So how was your Yom Kippur? After Yom Kippur ended, I sat down to write something that was nagging me for quite some time. I wanted to see what pagerank had to say about movies. I’ve always liked to picture things as graphs, and looking at movies and actors as nodes in a graph is very intuitive. I also think that the idea has some merit. I like most of the movies that Edward Norton appears in, so it makes sense to give him a high score, and see which other movies Edward Norton “recommends”.
So I fired up my IDE, and started to work.

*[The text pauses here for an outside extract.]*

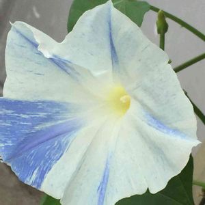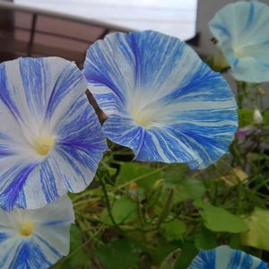 青と白の絞り模様の 西洋朝顔 「フライングソーサー」 日本種の朝顔より 開花時間が長く 昼を過ぎても 咲いています💙
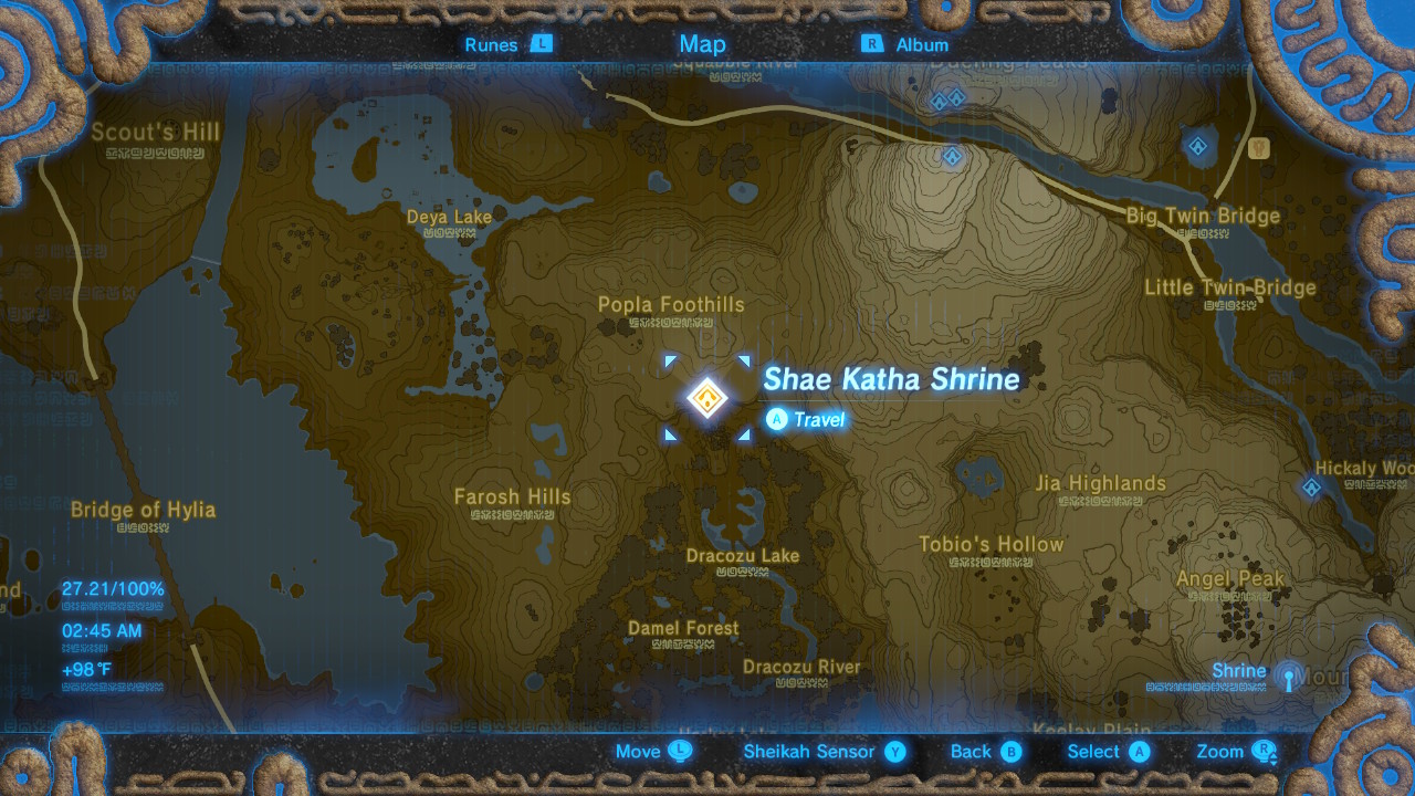 To find this shrine, Link first needs to find the Spring of Courage and pray at the goddess altar. This mysterious spring is found just southwest of the Dueling Peaks and just north of Dracozu Lake. Praying at the altar will reveal a new shrine quest — bring a dragon scale and drop it into the spring water to reveal a shrine.

Well, at first I was a little bit disappointed, because IMDbPY doesn’t have code to read the IMDB charts. Well, I was going to extend it a little bit, but then I remembered that I already downloaded all the data I needed some time ago (more than half a year I believe), and that was good enough. So I opened up some old pickle file I had lying around, and Voila! after some playing around with the format, I had a weighted graph at my disposal. I weighted the graph according to the IMDB listing – if an actor appeared higher on the cast, his (or hers) weight to and from that movie will be higher.
I implemented a quick and dirty pagerank, and then added some code to score my recommendations higher. I did that by adding each iteration my recommendation’s weight to the movie’s score.
Without recommendations, the top spots were:
- 24
- The Sopranos
- The Wizard of Oz
- JFK
- Cidade de Deus
- Citizen Kane
- King Kong
- Voyna i mir
- Dolce vita, La
- The Patriot
After adding “Edward Norton” and “Tom Hanks” as recommendations, I got the following results:
- American History X
- Fight Club
- 24
- Red Dragon
- The Sopranos
- Catch Me If You Can
- The Wizard of Oz
- JFK
- Forrest Gump
- Cidade de Deus
Well, I was surprised a little to see 24 and the Sopranos rank so high, and also a little bit disappointed. The recommendations didn’t really add enough information, and more work will have to be done for this to work properly. It has the right ‘smell’ however. It looks like it has potential to be useful – I can just see the program, having a small table with a ‘seen/unseen’ checkbox, and a place to write your favorites, and the program will tell which movies you should watch next. This reminds me a little bit of the recommendations on soulseek and Amarok. It would be really fun to write a total recommendation engine, with the best of all worlds. Someone probably already implemented it.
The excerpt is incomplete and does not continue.